Vintage Fringe: When Stories Develop Lives of Their Own
Moments before going public about my abortion, I’d boarded a city bus. The wheels on the bus go round and round, sang my toddler, for this was her first experience of public transit and her face now shone with glee. As we bumped and swayed with traffic, my editor called to say that my story was going live. I wished that I, and my child, and the kindly strangers who smiled at her, could stay on the No. 7 bus forever. By the time we got home, someone had already sent me an email. “I just read your story in the Texas Observer,” said the man, “I commend your strength in writing it.” With trepidation, I found my published piece and saw that it had already attracted scores of comments. Not all of them were kind. By dinner time, the Observer’s website seemed to be hosting a cage fight as pro-life and pro-choice advocates duked it out in the margins of my story. As my husband and I read what strangers thought about the most difficult choice we’ve ever made, our daughter sang careful nursery rhymes behind us. I was suddenly afraid of what I’d done.
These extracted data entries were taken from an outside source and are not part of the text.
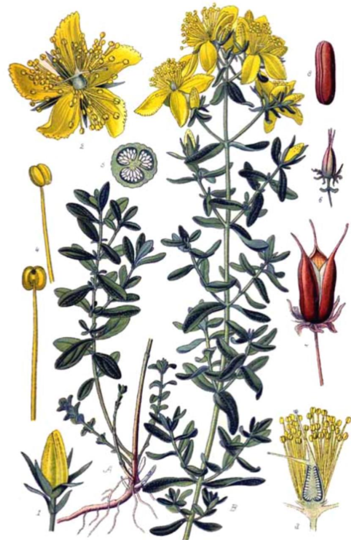
Pl. 61. Millepertuis perforé. Hypericum perforatum L.
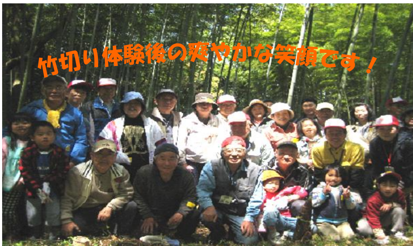
竹切り体験後の爽やかな笑顔です！

主催 ハートフル山田池 山田池公園管理事務所 協力 山田池公園ボランティア ゆうゆう自然クラブ
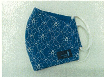
(青淵レースマスク)
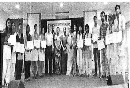
Along with the teachers and other students of other colleges of Guwahati.
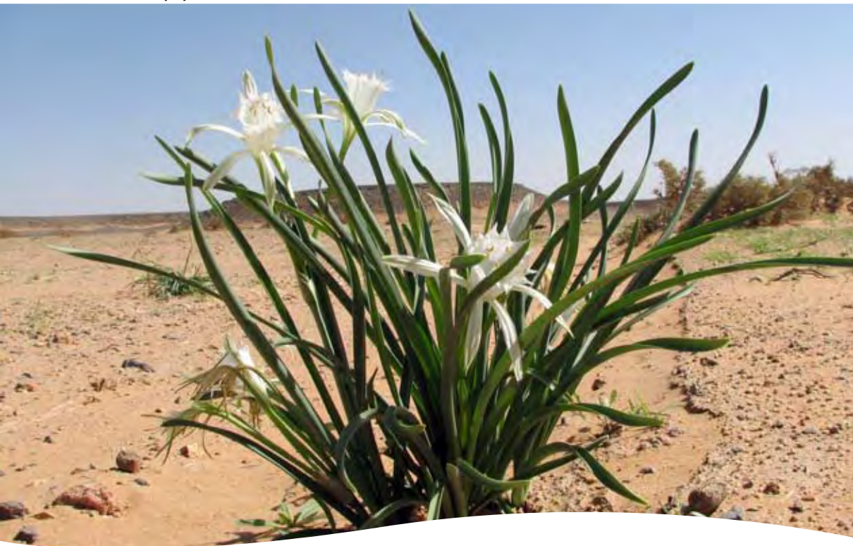
Pancratium trianthum Herb. ■
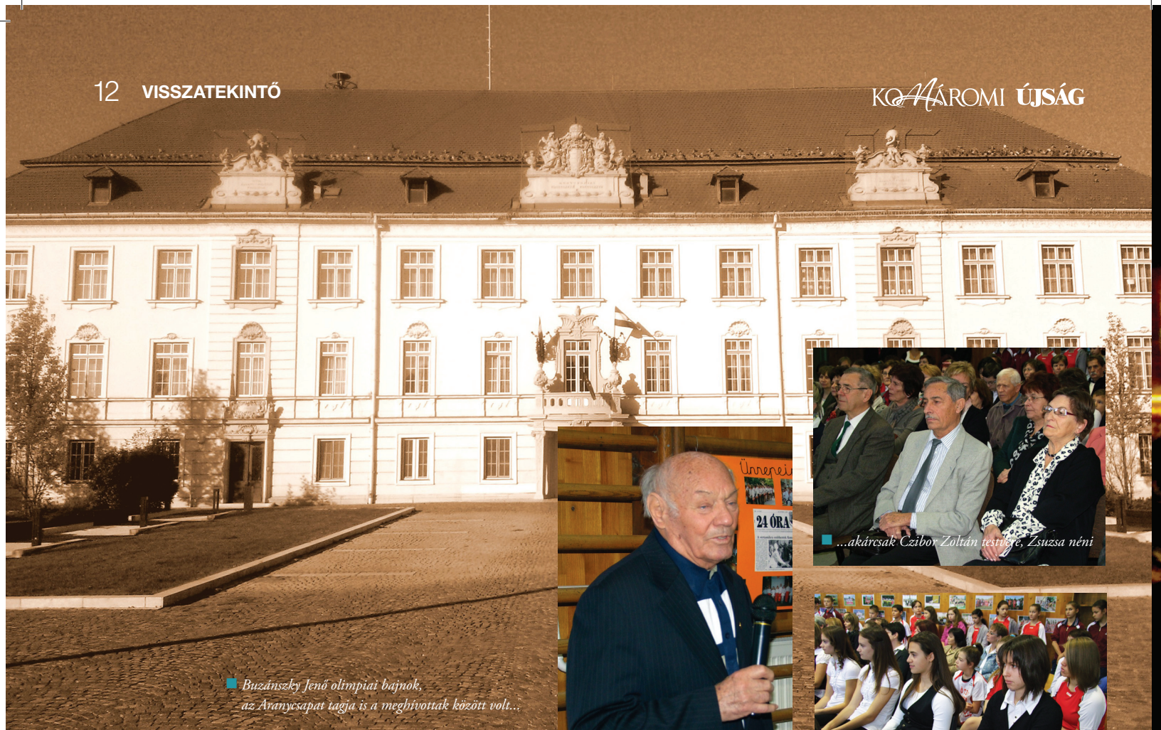
Buzánszky Jenő olimpiai bajnok, az Aranycsapat tagja is a meghívottak között volt...
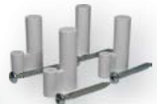
rögzítő elem gipszkarton falhoz
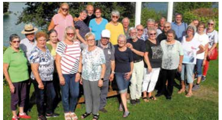
Teilnehmer am Sommerausflug

Unser Sommerausflug ging nach Ferlach, wo wir nach einer Kaffeepause eine ausführliche Führung durch das Büchsenmacher- und Jagdmuseum hatten. Es gab wunder schön verzierte Jagdgewehre zu besichtigen und auch massenhaft Trophäen sowie Tierpräparate zu sehen. Nach einem guten Mittagessen beim Gasthof Singer ober dem Drau-Stausee hatten wir eine Führung in den beiden Kirchen in Maria Wörth mit anschließendem Spaziergang auf der Halbinsel.

What I’d done was write about having an abortion. It was a reluctant abortion: my baby’s brain, spine and legs had failed to develop correctly so we’d chosen to ‘interrupt’ my pregnancy rather than deliver him to a life of pain. But still, it was an abortion, and this was Texas. My story described our heartbroken drive from the obstetric office to the abortion clinic, and how new state laws meant that we were harangued about our choices. We’d also been forced to view sonogram images of the child we’d never meet, then were sent home for a day to consider our imminent ‘mistake.’ I was grief-stricken and angry and, because I’m a writer, I wrote it all down. Then I pitched my story to the Texas Observer. For weeks, the Observer’s editor hovered patiently over drafts like someone waiting for a complicated cake to rise. Finally, when the No. 7 bus pulled into afternoon traffic, he was ready for my story to be read.
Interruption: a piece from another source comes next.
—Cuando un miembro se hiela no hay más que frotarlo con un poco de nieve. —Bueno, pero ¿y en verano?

Against all expectations, the story spread faster than a Texas wildfire. Influential publications forwarded it and tweeted it and recommended it; the Observer’s page views soared, thousands of commenters and bloggers across the ‘net discussed the article, and emails of support poured into my inbox. “I want to be sure you hear a thank you,” strangers said, and “It’s so important that stories like these are told.” “I hope your stories and others like it will help Texas lawmakers revisit and revoke this law.” Requests for radio and magazine interviews came in. My neighbor crossed the street to tell me she’d read about my abortion on Facebook. The New Yorker, the New York Times and TIME linked to the original piece. Meanwhile, as my husband and I watched, astonished, at how our most intimate of stories was going viral, our daughter put her polka-dot shoes on the wrong feet and zigzagged across the kitchen with a broom.